Towards the end of the second rubber, the librarian (having been requested to do so twice already by the users of the library) sent a note to the bridge room. If Parvati had not restrained him, Dr Kishen Chand Seth would have screamed in wrath upon receiving it. As it was, he could neither believe nor stomach the insubordination of the librarian in requesting that the volume of conversation in the bridge room be reduced. He would haul the fellow up before the committee. A useless fellow, who spent most of his time dozing in the stacks, who treated the job as a sinecure, who—
‘Yes, dear,’ said Parvati. ‘Yes, dear, I know. Now we at our table have finished our second rubber, but we’re talking quite quietly. Why don’t you concentrate on finishing yours, and then we can all go out on to the lawn; the film will begin in about twenty minutes. It’s a pity that in the monsoon they screen it indoors. Ah, yes, Pran and Savita are sitting there; eating chips, I suppose. She looks enormous. I think perhaps we’ll go and join them immediately, and you can follow.’
‘I am afraid we must now be going,’ said Professor Mishra, getting up hastily. His wife stood up too.
‘Must you go? Can’t you join us?’ asked Parvati.
‘No—no—far too busy these days—there are guests in the house—and I have been saddled with a good deal of unnecessary curriculum revision,’ explained Professor Mishra.
Mahesh Kapoor looked at him for a second, then returned to his cards.
‘Thank y
ou, thank you,’ said the whale, and glided quickly out of sight, followed by his minnow.
‘How peculiar,’ said Parvati, turning back to the table. ‘What do you make of it?’ she asked Mr Shastri.
‘Force-ful per-son-al-it-y,’ was Mr Shastri’s opinion. Though it was unrevealing, it was delivered with a smile and conveyed the sense that Mr Shastri had some knowledge of the world, and did not opine where opinion was unnecessary.
Parvati had begun to have second thoughts about letting her husband follow her. For one thing, he might still need to be managed. For another, she did not relish meeting Mrs Rupa Mehra without his support. The reaction of Kishy’s daughter to her rose-spangled sari was unpredictable. So Parvati waited for a few more minutes to see if the rubber would end. It did. Her husband was on the winning side. With some glee he was totting up his points for the hand—including an overtrick and a hundred honours. She breathed more freely.
12.26
Out on the lawn, everyone was introduced to everyone else. Savita found herself engaged in a slow and deliberate conversation with Mr Shastri. She found him very interesting. He was telling her about a woman lawyer at the Brahmpur High Court, who was very successful in criminal practice despite the fact that she had had to overcome the reservations of clients, colleagues and judges.

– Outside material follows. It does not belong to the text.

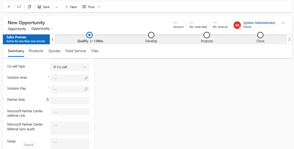 Sync with Partner Center: Whether to sync the opportunity with Partner Center. By default, the value of this field is No and needs to be explicitly set to Yes by your seller to share an opportunity with Microsoft. New referrals shared from Partner Center to CRM have this field value set to Yes. For Co-sell type ‘IP Co-sell', if there is no solution added to the opportunity, then this sync field is locked. You need to add at least one solution to set this field to Yes.

Pran was feeling a bit exhausted, but Savita had insisted on seeing Charlie Chaplin ‘once more before I become a mother and see everything differently’; her grandfather’s Buick, a little the worse for having been requisitioned, had been sent to fetch them. Lata had gone off to one of those evening rehearsals so dreaded by Mrs Rupa Mehra; the director had said that it was necessary to make up for the rehearsals lost because of the student agitation.
Savita was looking happy and energetic, and eating with great appetite the club speciality: small goli kababs, each with a raisin in the middle. The more she talked to Mr Shastri, the more she thought that it would be very interesting to study law.